It’s a luxury when you’re able to gain divisional ground without playing a game, and that’s the good fortune the Vikings found in Week 6. With the Cowboys handing Green Bay its second loss, the 5-0 Vikings are now at least two games up on the rest of the division. The Bears continue to be impressively inept, and while the Lions managed to climb to .500, that also seems like a likely place for them to end the season.
The bye week theoretically gave the Vikings a chance to heal their injuries, most notably Stefon Diggs. Monday practice reports had Diggs sitting out the session, which is slightly concerning considering the extra week off, but only slightly. Groin injuries can linger, so there’s a chance Diggs sits out another week, but the Monday rest may also simply be a precautionary measure for a player who doesn’t need a full week of practice to be effective on game day. It’s probably a sign of how the season has gone that my initial reaction to the prospect of Diggs not playing against Philadelphia was basically, “Oh well. Thielen will just tear it up again.”
We’ve been lucky, haven’t we?
Let’s take our weekly gaze around the division.
GREEN BAY PACKERS (3-2)
The Dallas Cowboys rolled into Lambeau field and forced four turnovers, beating the Packers 30-16. It was another underwhelming performance for a once-proud, Aaron Rodgers-led offense that is now being called “dysfunctional” by national media. Rodgers threw for 294 yards but just a single touchdown, and also threw an interception, continuing a puzzling skid of mediocrity dating back to last season. He is now 25th in the NFL in both passing yards and completion percentage, and 20th in quarterback rating.
The Packers defense, which has shown improvement through much of the season, surrendered 424 total yards and 3 passing touchdowns to rookie Dak Prescott, partially due to injuries in the secondary.

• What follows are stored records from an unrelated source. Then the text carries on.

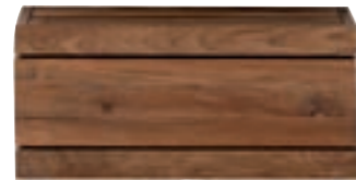
15060 - nightstand floating, 1 drawer, wall hanging 56 x 45 x 26 cm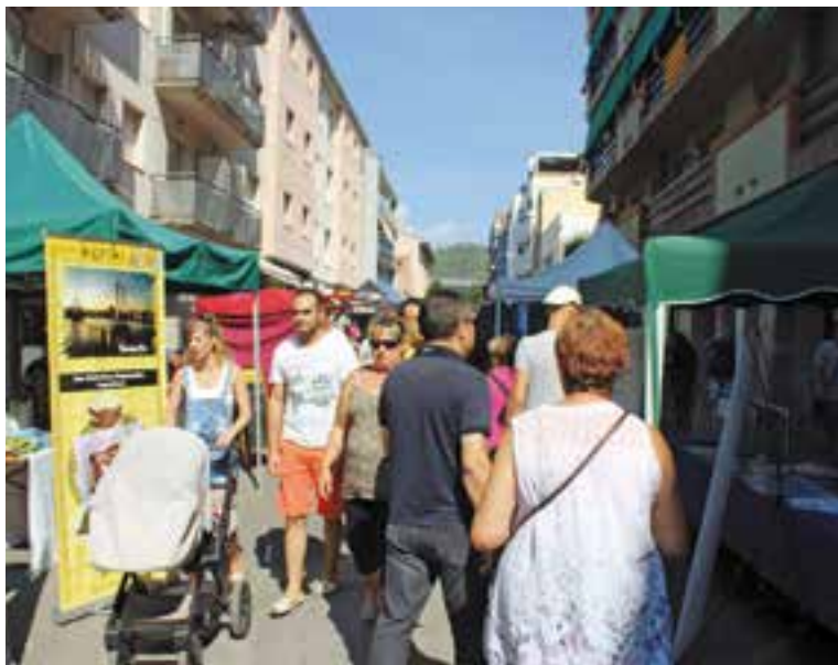
Una imatge de l'Street Market de l'any passat. || AJUNTAMENT

L'activitat es farà als carrers Sala Boadella, Hospital i Montcada, i algunes botigues del carrer Major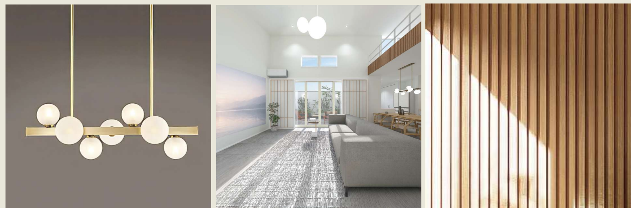
※画像はイメージです。実際の建物とは一部異なります。

外壁の一部に木材を採用しています。年月とともに渋みや深みを増す経年変化がございますので、あらかじめご了承ください。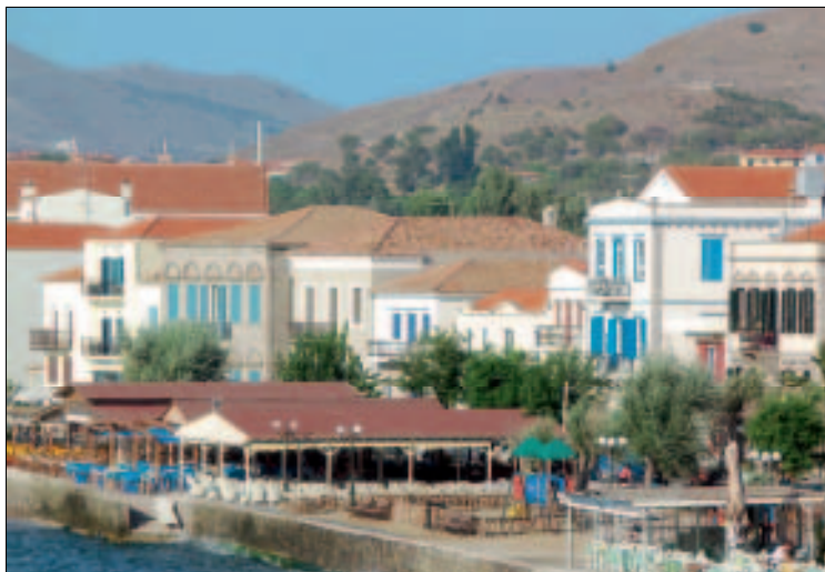
Tavernen am Romeikos Gialos Strand

Die Hauptspeisen der griechischen bzw. der limnischen Küche sind eine Schatzgrube für jeden Feinschmecker. Beim Bestellen der Speisen ist zu beachten, dass man sich schon an den Vorspeisen ( Orektika ) leicht satt essen kann. In Griechenland ist es auch kein Problem, eine Hauptspeise für zwei Personen zu bestellen, was in unseren Breiten in den Restaurants oft nicht geduldet oder zumindest nicht gerne gesehen wird. Das Gedeck, das immer aus Weißbrot und Wasser besteht, wird zu allen Gerichten serviert und auch in der Rechnung ausgewiesen. Zum Essen trinkt man Bier, Wein, Wasser oder andere antialkoholische Getränke. Besonders erwähnenswert ist der köstliche limnische Wein, dem in diesem Buch ein eigener Beitrag gewidmet ist. Ouzo , Tsipouro und Raki werden meist vor den Mahlzeiten als Aperitif mit kleinen Appetithäppchen ( Mezédés ) eingenommen.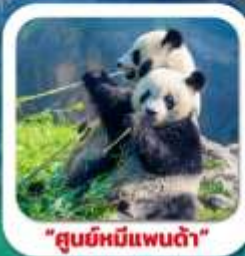
"ศูนย์หมีแพนด้า"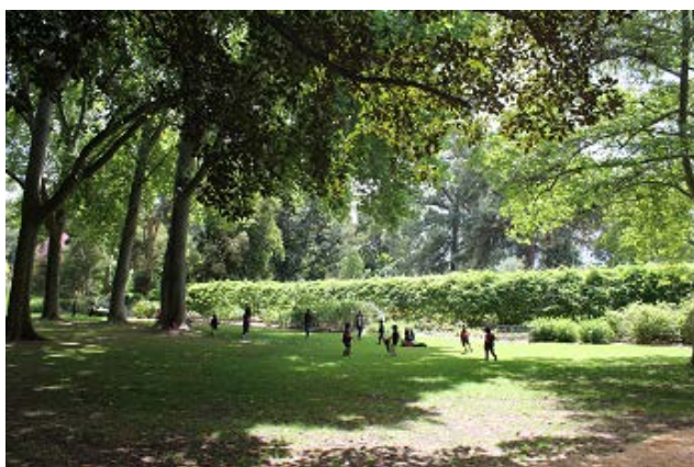
図V-6 ボタニカルガーデン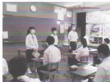
【本部役員による生徒会入会式】

保護者の皆様、大変お忙しい中、また酷暑の中になるとは思いますが、このような計画としました。まだ1学期が始まったばかりですが、学校の考えを早めにお伝えしたく、このタイミングでのご連絡としました。よろしく願いいたします。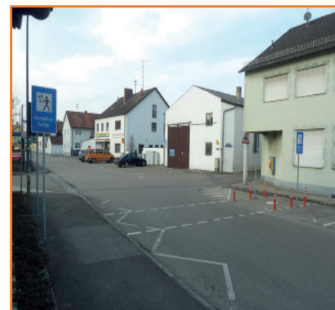
Verkehrshelferübergang in der Eichenwaldstraße

Still, for the considerable fanfare the unit has received, they now sit 16th in the league in scoring defense, giving up 22.6 points per game. After last week’s win, Julius Peppers sarcastically told reporters to “talk about Minnesota; talk about Seattle. Continue to talk about the rest of the guys.” We will, Julius.
It won’t be easy when the Vikings go to Lambeau, but if the Packers offense continues to struggle, it will be interesting to see how they perform against the Vikings defense this time around. Regardless, Minnesota is firmly in the drivers seat in the division until further notice.
DETROIT LIONS (3-3)
The Lions won a wild one to improve to 3-3, beating the Rams 31-28 on Matt Prater’s go-ahead 34-yard field goal and a clinching interception from Rafael Bush. That makes two wins in a row in essentially the same fashion; in Week 5, it was Darius Slay with the interception after Prater’s kick to seal Detroit’s win over Philadelphia.
The Lions are showing life, and are the highest scoring team in the division with 25 points per game (the Vikings are second with 23.8). Offensively, they’ve proven they can be dangerous even without Calvin Johnson, but the defense is still bad enough to keep the Lions out of serious contention for the North; Detroit surrenders 25.5 ppg, 22nd in the NFL. It’s the same makeup they’ve had for years, and one that has consistently kept them out of the playoffs.
Detroit is a team worth monitoring, and figures to at least keep things interesting until late in the season. Next up is a date with the Redskins at Ford Field.
CHICAGO BEARS (1-5)
The Bears lost again. This is not surprising. What differentiates their 17-16 loss to the Jaguars from the rest is the way in which they did it; Chicago carried a 13-0 lead into the fourth quarter at Soldier Field, and had stymied the Jacksonville offense all game. But the Jags came roaring back, and a 51-yard Blake Bortles to Arrelious Benn touchdown with 2:49 left in the game gave Chicago its fifth loss. Like the Lions, the Bears game also had odd similarities to the week before, when they gave up a late Andrew Luck touchdown pass to again snatch defeat from the jaws of victory.
Chicago’s lone victory came in the division, against Detroit, so there’s that. A relative bright spot against the Jaguars was Brian Hoyer throwing for 302 yards, which gives him four straight 300-yard games in place of injured Jay Cutler. At this point, no matter the record, I wouldn’t be surprised if the Bears stuck with Hoyer even when Cutler is ready to go; Hoyer has better command of the offense, is infinitely more likable, and Cutler gave them nothing in the first two games. They’re shackled to Cutler’s awful long-term contract, but they may just have to take their medicine and eat the sunk cost if they’re going to turn the page. Cutler has proven he’s not the answer in Chicago.
Next, the Bears head to Lambeau for a Thursday night tilt with the Packers. That should be a fun one.